Courthouse fate set to be decided

The building was flagged as an earthquake risk after a 2011 engineering evaluation. Photo: ODT
The building was flagged as an earthquake risk after a 2011 engineering evaluation. Photo: ODT

The future of Dunedin's historic courthouse will finally be put before the people who will decide its fate - the Cabinet - on Monday.

Anne Stevens
Anne Stevens

In written responses to thousands of postcards sent to Government ministers by Dunedin residents demanding court services return to the 113-year-old building, Justice Minister Amy Adams said the matter ''will be put before Cabinet by the end of this year''.

The final scheduled Cabinet meeting for the year is on Monday.

While Mrs Adams would not confirm outright the business case would go before Cabinet at that meeting, she said in a statement to the Otago Daily Times she stood by the comments she had made in her letter ''and the timeframes set out in it''.

''From the beginning, I've said it's my desire, intention and expectation to return court services to the historic courthouse. I've nothing further to add at this point and will make announcements in due course.''

Dunedin barrister and courthouse advocate Anne Stevens said the ''compelling case'' for restoring services to the 1902 building had to outweigh any considerations of abandoning the building.

When asked whether she felt hopeful the Cabinet would choose to save the courthouse, she said ''I don't want to jinx it, so I'll say yes.
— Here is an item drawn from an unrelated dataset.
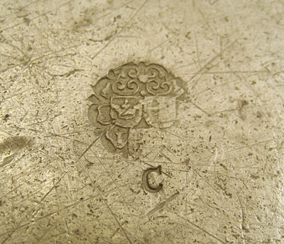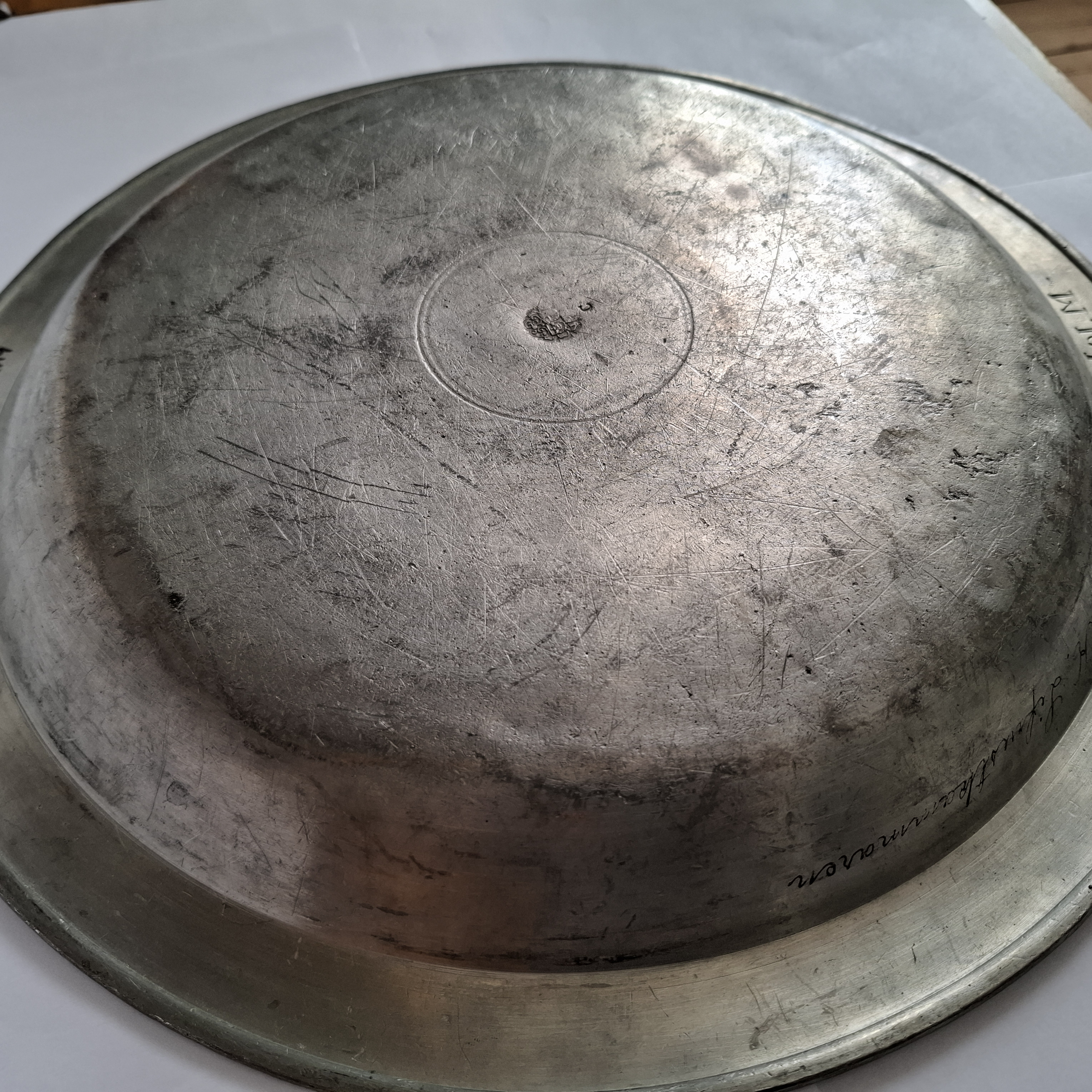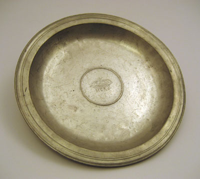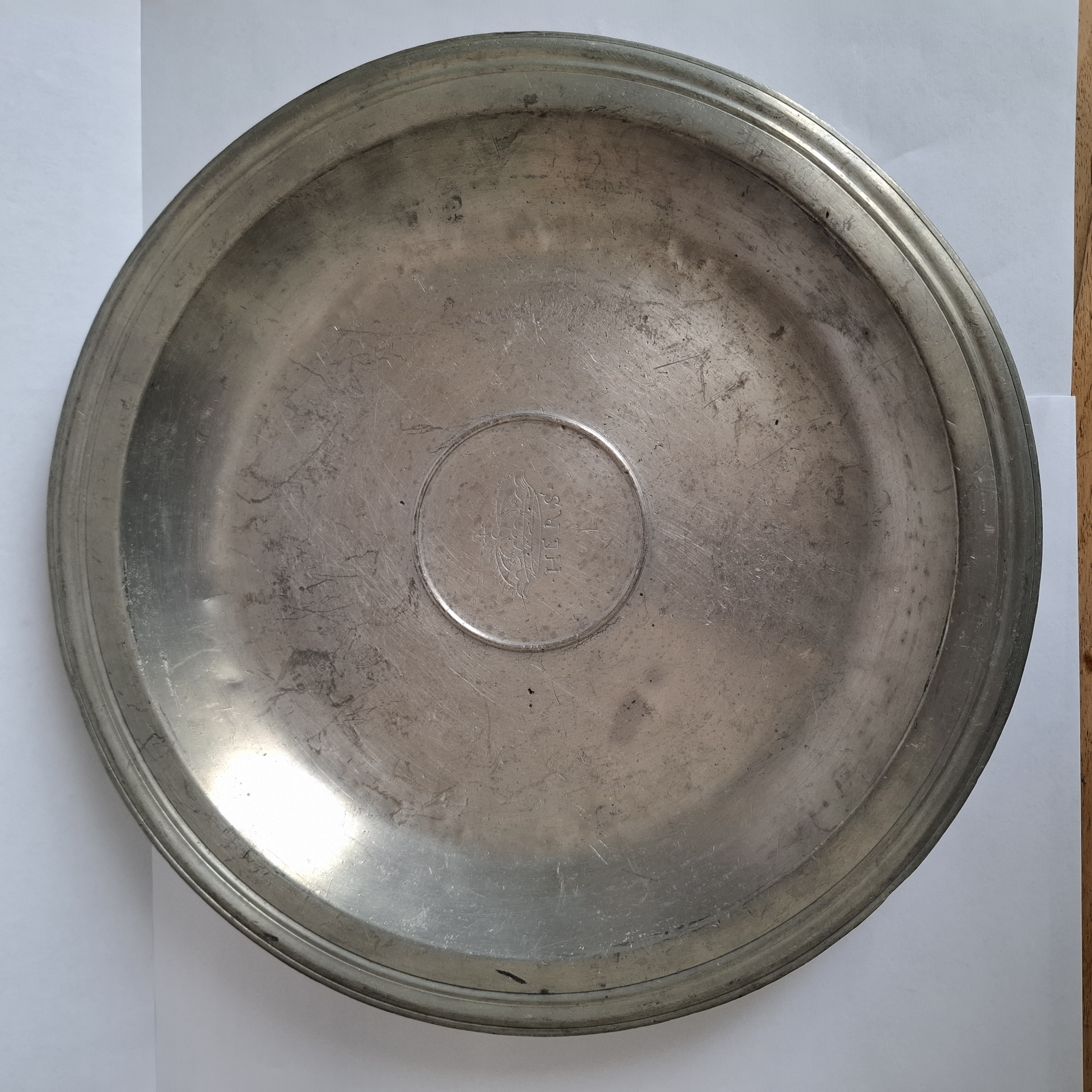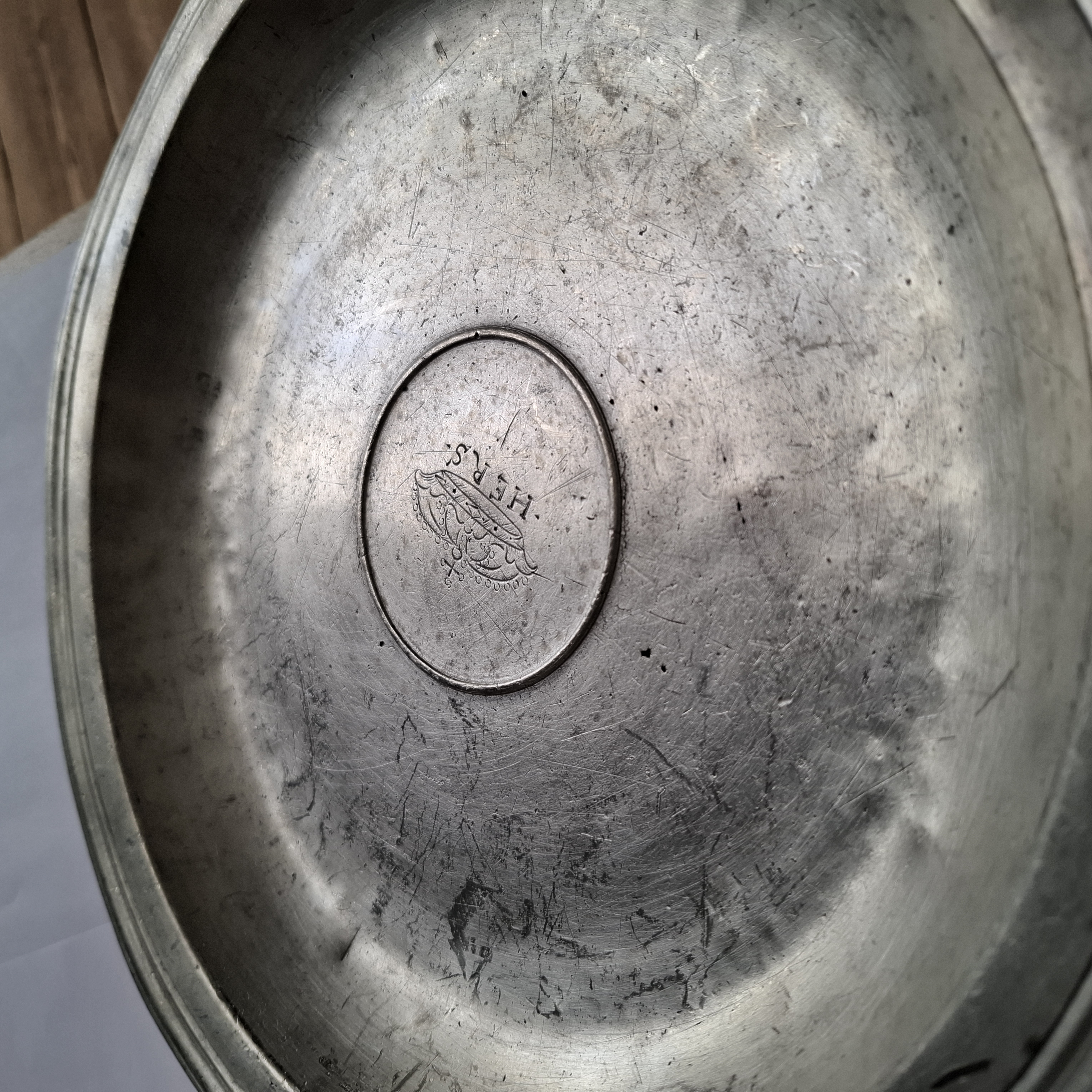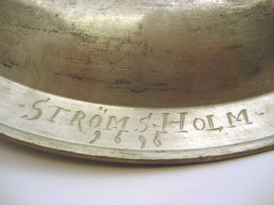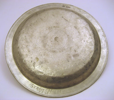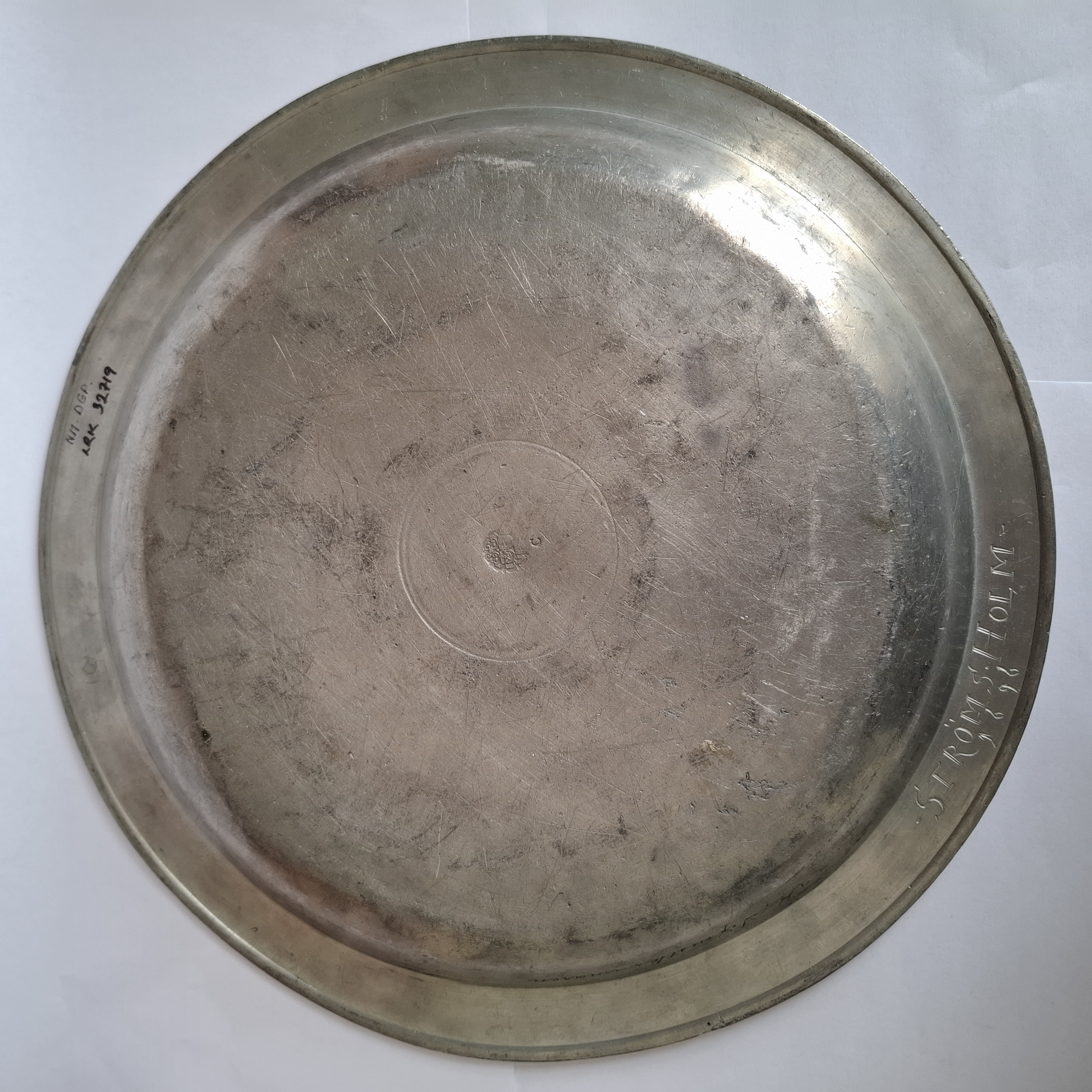 Utfört av tenngjutaren Johan Johansson, mästare i Stockholm 1677-1715. Ingår i Strömsholmsservisen. Ytterligare delar finns bl a på Nationalmuseum och på Nordiska museet. Runt tennhandfat med profilerat brätte. I spegeln en upphöjd koncentrisk cirkellist. I mitten av denna graverat med ägarinitialer "HERS" (Hedvig Eleonora Regina Sueciae) under kunglig krona. På brättets undersida graverat "STRÖMS HOLM // 1696". Kombinationsstämpel (A 73 i Bruzelli och känd i Johan Johanssons produktion sedan 1679, enligt samma källa). I kombinatinsstämpeln följande trestämpling: 1) 2) Antikvaversalerna II flankerande huvudet på en man med ceremonistav i normalsköld. 3) Stockholms stadsstämpel i form av öppen krona (Bruzelli A 77?)

''We have to just hope that they will see reason. Despite all the odds, I have to remain an optimist. And you just know that if reason is on your side, there has to be a good outcome.''

Flagged as an earthquake risk after a 2011 engineering evaluation, the building was emptied of its staff earlier this year, with the bulk of services being transferred to a temporary court in High St.

That temporary court came with a $6.8 million refurbishment bill, while the city's ongoing rent-a-court costs come to almost $600,000 a year.

In September, Ministry of Justice-appointed engineers finished a business case analysing the work needed to strengthen the historic courthouse, delivering it to Mrs Adams before it was given over to Treasury officials for analysis.

While Mrs Adams has denied requests from the Otago Daily Times for the business case to be publicly released, she did announce it estimated earthquake-strengthening the courthouse would cost more than $15 million.

That figure was criticised by Dunedin engineering experts as being extraordinarily inflated.

The ODT's fight to have the business case made public has been referred to the Ombudsman, where it remains.